> **ACTIVITY**
Start to finish, retype the entries exactly while omitting the pictures.

BEGIN EXERCISE DATA

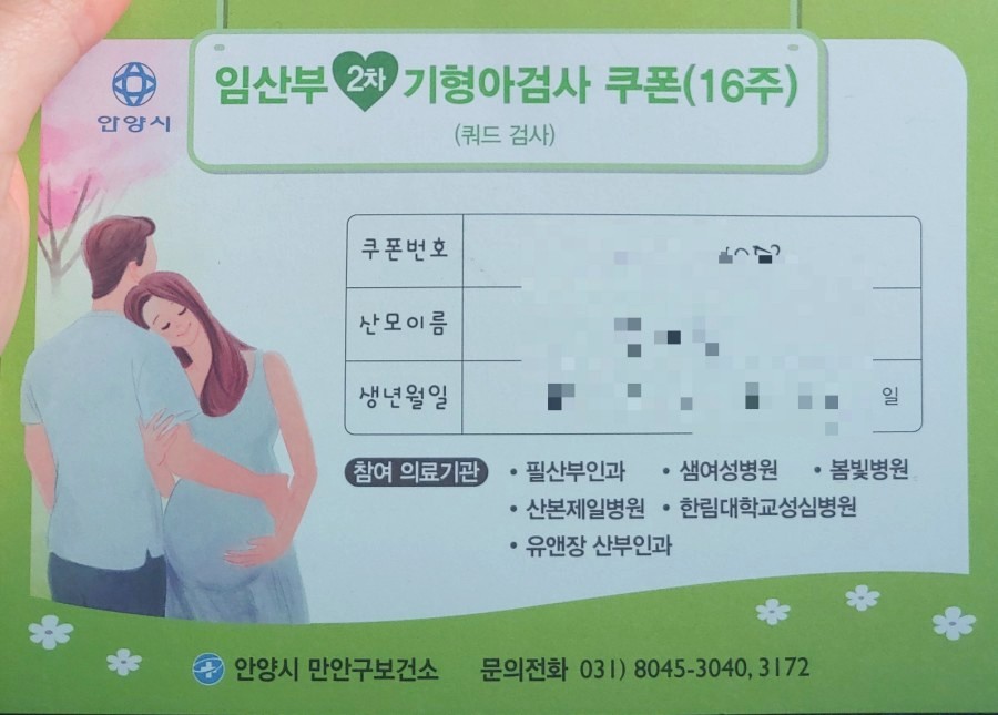보건소에 가면 1,2차 기형아 검사 쿠폰을 나눠줘요.1차 기형아 검사 쿠폰은 초음파 검사비만 지원해 주기 때문에 약 2만원 정도를 절약할 수 있으며, 2차 기형아 검사는 쿼드 검사를 무료로 할 수 있습니다.
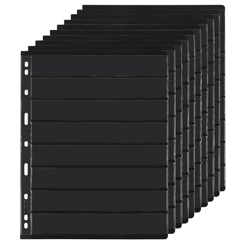PROFESSIONELLE BRIEFMARKENTASCHE – Jede Packung mit 10 Blättern mit 20 Seiten, Seitengröße: 21,5 x 28 cm (8,4 x 11,0 Zoll), Größe jeder Rasterreihe: 19,7 x 3 cm (7,7 x 1,18 Zoll), geeignet für Briefmarken mit einer Höhe unter 3 cm. HOCHWERTIGES MATERIAL – Umweltfreundliche PVC-Blätter und PET-Taschen, langlebig und frei von Säuren und chemischen Weichmachern, die Ihrer Briefmarkensammlung keinen Schaden zufügen, sodass Sie eine langfristige Nutzung sicherstellen können. HERVORRAGENDE HANDWERKSKUNST – Die schwarze Seite ist einteilig heißgepresst und weist keine Spleißspuren auf, sodass sie nicht leicht reißt. Doppelseitig einsteckbare, hochtransparente, dicke Seiten, praktisch zum Sammeln, Betrachten, Ausstellen und Austauschen Ihrer Briefmarken. Einfache Befestigung – Auf der linken Seite der Seite für die Briefmarkensammlung befinden sich 9 Löcher, die für die meisten Arten von Briefmarkenalbum-Ordnern geeignet sind. Es ist ein gutes Sammelwerkzeug für Sie, einfach zu befestigen und fällt nicht so leicht ab, Sie müssen sich keine Sorgen machen, Briefmarken zu verlieren. VIELSEITIG EINSETZBAR – Praktisch zum Aufbewahren und Ausstellen von Briefmarken, Banknoten, Rechnungen oder anderen Sammelobjekten verschiedener Größen. Es ist ein großartiges Geschenk für Freunde, Familie und Sammler und ein perfektes Sammelwerkzeug für Philatelie-Enthusiasten., Hersteller: Uncle Paul
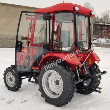 В базовой комплектации трактор Dongfeng DF-244 G2 с кабиной и с реверсом красного цвета оснащается экономичным, четырехтактным, 3-х цилиндровым дизельным 24-ти сильным двигателем (КМ 385BT) жидкостного охлаждения, полноприводной (4х4) механической трансмиссией (с пониженным рядом и блокировкой заднего дифференциала), счетчиком моточасов. За функционирование гидравлической системы трактора Донг Фенг ДФ-244 G2 с кабиной c реверсом отвечает гидронасос, критическим давлением 14 МПа. Дополнительно в базовую комплектацию входит: двухскоростной задний вал отбора мощности (ВОМ) 540 / 1 000 об/мин., задняя 3-х точечная навеска, задний гидравлический распределитель с рычагом управления с 2-мя коннекторами (гидровыходами). Дополнительно можно до установить: фронтальные противовесы.
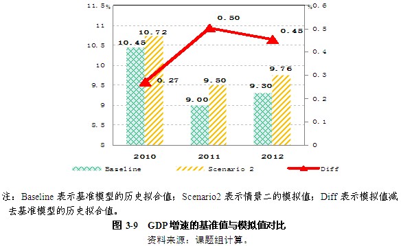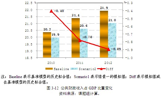 第三,得益于居民消費需求的擴大以及經(jīng)濟增長的加快,企業(yè)自籌投資增速相較基準(zhǔn)模擬水平也有所提高。同時,稅收收入增速也逐漸加快。與基準(zhǔn)模型的歷史擬合值相比,在2010-2012年期間,稅收收入增速先降低3.98百分點,之后提高1.12、0.78個百分點(圖3-11)。財政總收入占GDP的比重分別下降0.4、0.78和0.89個百分點(圖3-12)。
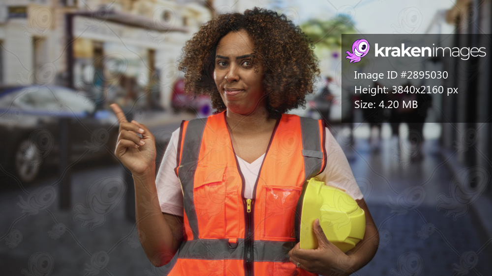 Young african american woman engineer points finger while holding yellow hardhat on a busy city street with blurred pedestrians; safety confidence.
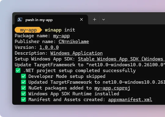 v0.2では、もっとも要望の多かった.NETプロジェクトをネイティブサポート。.NETプロジェクトファイル(*.csproj)のあるフォルダーで「winapp init」を実行すれば、開発プロジェクトで.NETが用いられていることを検知し、適切な初期化を行ってくれる。
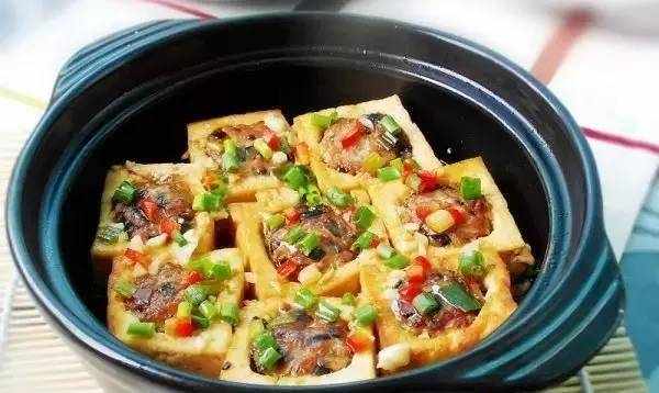 配料表:北豆腐、干香菇、牛肉碎、葱、蒜、盐、油、胡椒粉、料酒、生抽、蚝油、水淀粉、红辣椒丁
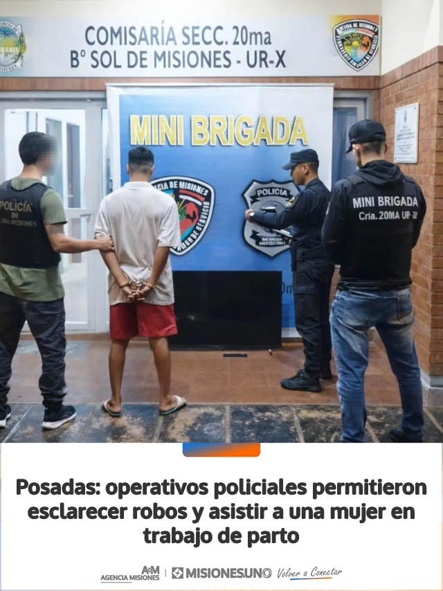 AGENCIA MISIONES.UNO | En el marco de un despliegue de seguridad en la capital provincial, la Policía de Misiones realizó múltiples procedimientos que permitieron esclarecer delitos, recuperar bienes y asistir a una mujer en trabajo de parto.

END EXERCISE DATA

> **RESPONSE AREA**
보건소에 가면 1,2차 기형아 검사 쿠폰을 나눠줘요.1차 기형아 검사 쿠폰은 초음파 검사비만 지원해 주기 때문에 약 2만원 정도를 절약할 수 있으며, 2차 기형아 검사는 쿼드 검사를 무료로 할 수 있습니다.
PROFESSIONELLE BRIEFMARKENTASCHE – Jede Packung mit 10 Blättern mit 20 Seiten, Seitengröße: 21,5 x 28 cm (8,4 x 11,0 Zoll), Größe jeder Rasterreihe: 19,7 x 3 cm (7,7 x 1,18 Zoll), geeignet für Briefmarken mit einer Höhe unter 3 cm. HOCHWERTIGES MATERIAL – Umweltfreundliche PVC-Blätter und PET-Taschen, langlebig und frei von Säuren und chemischen Weichmachern, die Ihrer Briefmarkensammlung keinen Schaden zufügen, sodass Sie eine langfristige Nutzung sicherstellen können. HERVORRAGENDE HANDWERKSKUNST – Die schwarze Seite ist einteilig heißgepresst und weist keine Spleißspuren auf, sodass sie nicht leicht reißt. Doppelseitig einsteckbare, hochtransparente, dicke Seiten, praktisch zum Sammeln, Betrachten, Ausstellen und Austauschen Ihrer Briefmarken. Einfache Befestigung – Auf der linken Seite der Seite für die Briefmarkensammlung befinden sich 9 Löcher, die für die meisten Arten von Briefmarkenalbum-Ordnern geeignet sind. Es ist ein gutes Sammelwerkzeug für Sie, einfach zu befestigen und fällt nicht so leicht ab, Sie müssen sich keine Sorgen machen, Briefmarken zu verlieren. VIELSEITIG EINSETZBAR – Praktisch zum Aufbewahren und Ausstellen von Briefmarken, Banknoten, Rechnungen oder anderen Sammelobjekten verschiedener Größen. Es ist ein großartiges Geschenk für Freunde, Familie und Sammler und ein perfektes Sammelwerkzeug für Philatelie-Enthusiasten., Hersteller: Uncle Paul
 В базовой комплектации трактор Dongfeng DF-244 G2 с кабиной и с реверсом красного цвета оснащается экономичным, четырехтактным, 3-х цилиндровым дизельным 24-ти сильным двигателем (КМ 385BT) жидкостного охлаждения, полноприводной (4х4) механической трансмиссией (с пониженным рядом и блокировкой заднего дифференциала), счетчиком моточасов. За функционирование гидравлической системы трактора Донг Фенг ДФ-244 G2 с кабиной c реверсом отвечает гидронасос, критическим давлением 14 МПа. Дополнительно в базовую комплектацию входит: двухскоростной задний вал отбора мощности (ВОМ) 540 / 1 000 об/мин., задняя 3-х точечная навеска, задний гидравлический распределитель с рычагом управления с 2-мя коннекторами (гидровыходами). Дополнительно можно до установить: фронтальные противовесы.
 第三,得益于居民消費需求的擴大以及經(jīng)濟增長的加快,企業(yè)自籌投資增速相較基準(zhǔn)模擬水平也有所提高。同時,稅收收入增速也逐漸加快。與基準(zhǔn)模型的歷史擬合值相比,在2010-2012年期間,稅收收入增速先降低3.98百分點,之后提高1.12、0.78個百分點(圖3-11)。財政總收入占GDP的比重分別下降0.4、0.78和0.89個百分點(圖3-12)。
 Young african american woman engineer points finger while holding yellow hardhat on a busy city street with blurred pedestrians; safety confidence.
 v0.2では、もっとも要望の多かった.NETプロジェクトをネイティブサポート。.NETプロジェクトファイル(*.csproj)のあるフォルダーで「winapp init」を実行すれば、開発プロジェクトで.NETが用いられていることを検知し、適切な初期化を行ってくれる。
 配料表:北豆腐、干香菇、牛肉碎、葱、蒜、盐、油、胡椒粉、料酒、生抽、蚝油、水淀粉、红辣椒丁
 AGENCIA MISIONES.UNO | En el marco de un despliegue de seguridad en la capital provincial, la Policía de Misiones realizó múltiples procedimientos que permitieron esclarecer delitos, recuperar bienes y asistir a una mujer en trabajo de parto.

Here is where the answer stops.